Radiographs were taken in anteroposterior (AP) view with pelvic orthostasis and in the flamingo position (AP radiographs of the pubic symphysis with alternating monopodal support) (►Fig. 1). The AP view evaluated signs related to hip impingement (rounding of the junction the femoral head and neck, coxa profunda, acetabular protrusion, acetabular retroversion, and secondary signs such as synovial inclusion cyst, labral ossification, and acetabuli, in addition to classic signs of arthrosis) and alterations in the sacroiliac joints (subchondral sclerosis or erosions, diastasis, reduction of the joint spaces, or ankylosis). Radiographs in the flamingo position were performed to analyze the vertical instability of the pubic symphysis. The height difference between the pubic rami at the AP view was measured by tracing lines parallel to each pubic ramus, which, in turn, were perpendicular to the sacrum, and then determining the distance between them. Next, the same procedure was performed in monopodal views. The sum of the 2 heights, minus the base (already present in the AP view), was the total translation, considered abnormal if > 5.0 mm, according to Garras et al21 (► Fig. 2). The analysis of each change was dichotomized (“absent” or “present”).

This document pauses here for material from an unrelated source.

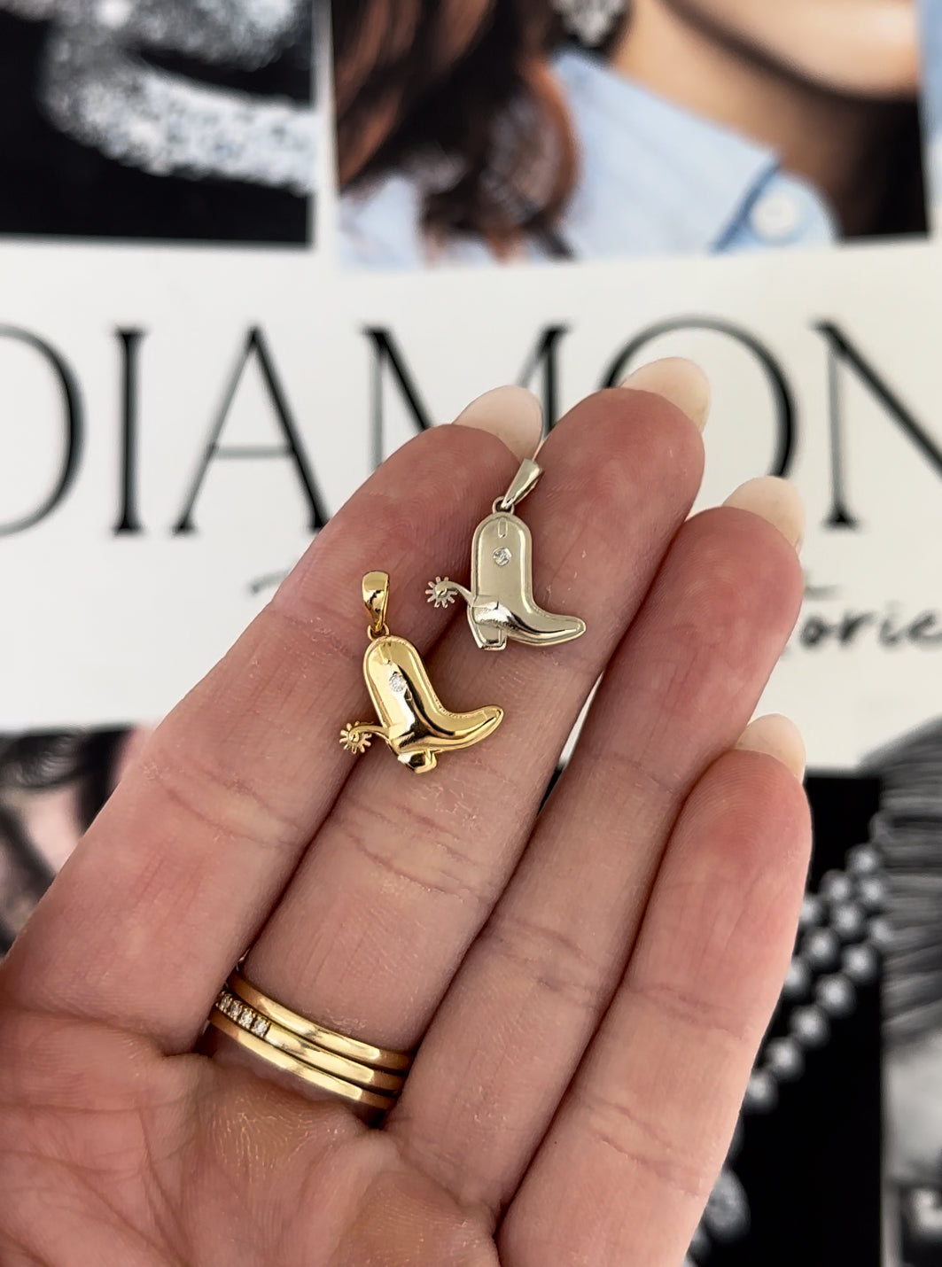 There’s a saying that goes, “good boots take you to good places.” This charm was designed to represent not just the courage to forge your own path, but the gusto to sprinkle in some adventure and enjoy the journey while you’re on your way there. The solitary diamond represents a reminder to find happiness and magic – even in the most common place of surroundings. This charm embodies perseverance, resilience, and the pursuit of dreams – while reminding you to have fun (the spinning spur!).

Ultrasound examinations were performed with a linear transducer of between 9 and 13 MHz. First, the pubic rami were identified in the axial plane. Next, the common aponeurosis of the rectus abdominus/adductor longus muscles was analyzed in the sagittal plane, at rest, and under dynamic maneuver (the patient was asked to stay in a semi-seated position, as if in an abdominal exercise). An injury was defined by the finding of aponeurosis thickening and a focal anechoic area (►Fig. 3). Then, the deep inguinal ring was located. Sports hernia or inguinal canal posterior wall deficiency was diagnosed by an increase in the sectional area of the inguinal canal during the Valsalva maneuver compared with rest, as described by Orchard et al18 (► Fig. 4). An inguinal hernia was defined by the protrusion of fat and/or an intestinal loop through the deep inguinal ring or by a defect in the transverse fascia of the posterior wall of the inguinal canal.

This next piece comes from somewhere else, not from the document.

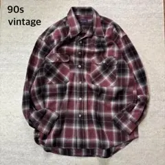 古着オンブレチェック長袖ネルシャツM

The evaluator graded the presence of inguinal hernias, of sports hernias, and of aponeurosis lesions from 1 to 5, in which 1 was “totally absent”, and 5 was “fully present”. Next, the analysis was dichotomized (scores 1 to 3 were considered “absent”, and 4 and 5 were considered “present”).

Magnetic resonance imaging was performed with 2 1.5 T magnets: a Siemens Aera 1.5 scanner (Siemens Healthcare, Erlangen, Germany) and a Signa HDx 1.5T scanner (General Electric Medical Systems, Chicago, USA), and surface coils centered on the pubic symphysis. ►Table 1 summarizes the employed protocol.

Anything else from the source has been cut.